Abel knew all this as he pressed his teeth together to keep down the agonising feeling of despair he felt already as the men came on in regular pace, with the barrels of the muskets and their bayonets gleaming, and he expected to hear an exclamation of astonishment with the command “Halt!”—when something unusual did happen.

For all at once, just as the back of Abel’s head must have loomed up like a black stone close by the sergeant’s path, and the rays of light glistened on his short, crisp, black hair, there came a loud croaking bellow from down in the swamp by the crook, and Dinny exclaimed aloud:

“Hark at that now!”

“Silence in the ranks!” cried the sergeant fiercely; and then, as if the Irishman’s words were contagious, he, turning his head as did his men towards the spot whence the sound proceeded, exclaimed, “What was it?”

“One of them lovely crockidills, sergeant dear—the swate craytures, with that plisant smile they have o’ their own. Hark at him again!”

The same croaking roar arose, but more distant, as if it were the response to a challenge.

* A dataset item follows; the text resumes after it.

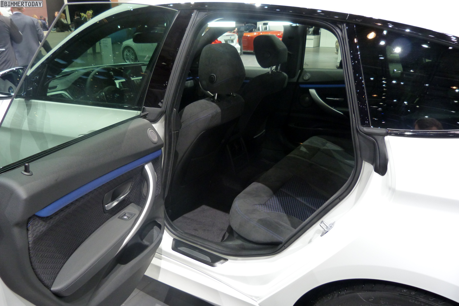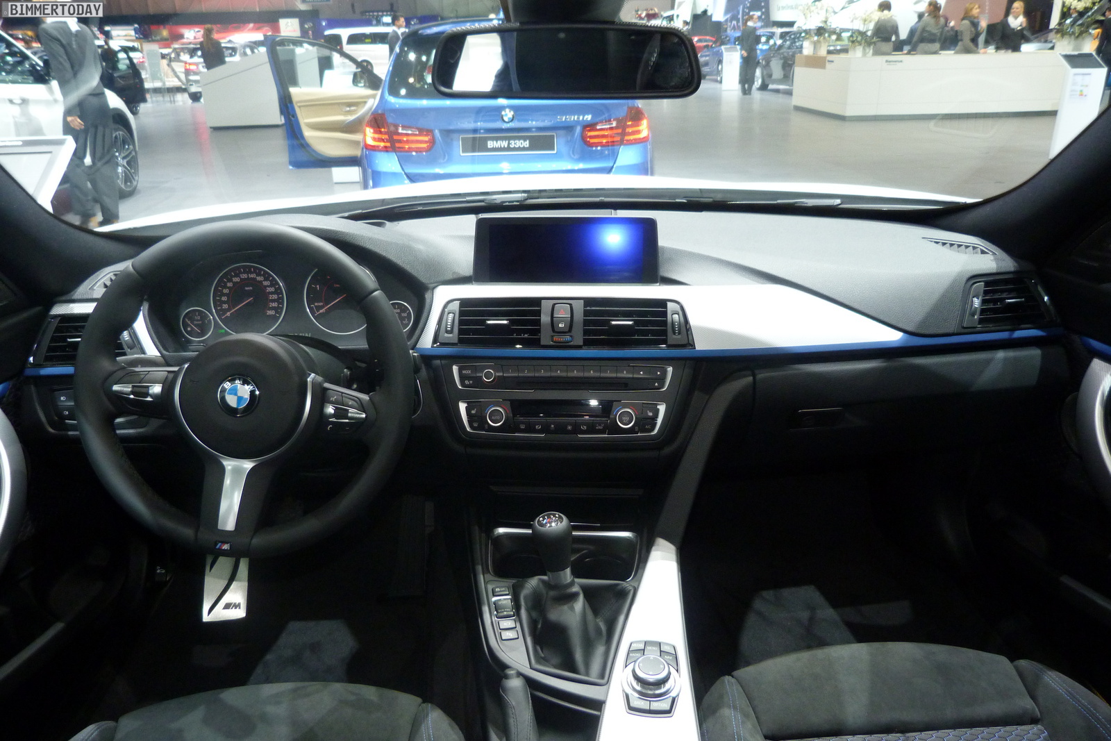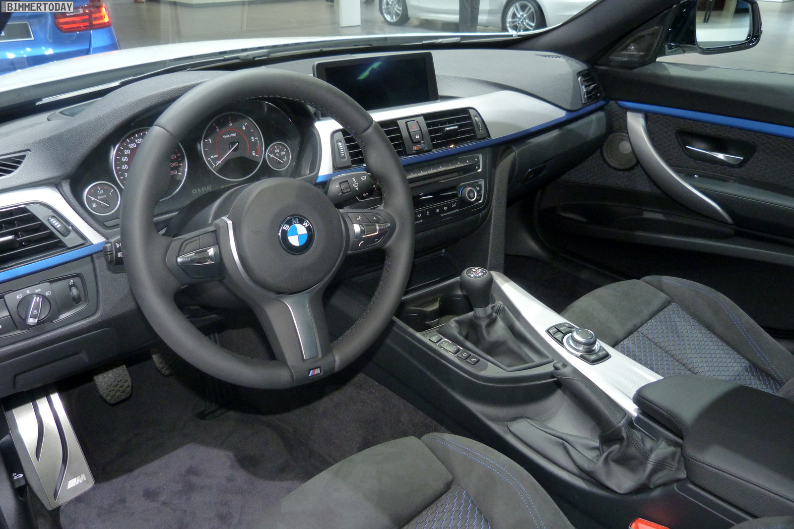 Inside the F34 GT uses the standard look of the M package with seat covers in fabric and Alcantara, and aluminum interior trim with accent trim in Estoril Blue. In addition, the new M Steering Wheel with a three-spoke design is included as well.
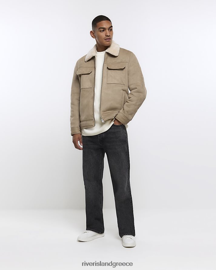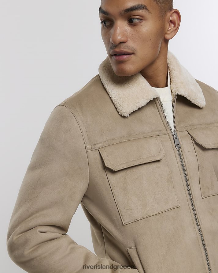 River Island ενδύματα πέτρα άνδρες δυτικό τζάκετ με κανονική εφαρμογή B6N8X2397

“Don’t it carry you home again sergeant, dear?”

“Silence in the—How, Dinny?” said the sergeant, good-humouredly, for the men were laughing.

“Why, my mother had a cow—a Kerry cow, the darlint—and Farmer Magee, half a mile across the bog, had a bull, and you could hear him making love to her at toimes just like that, and moighty plisant it was.”

“And used he to come across the bog,” said the sergeant, “to court her?”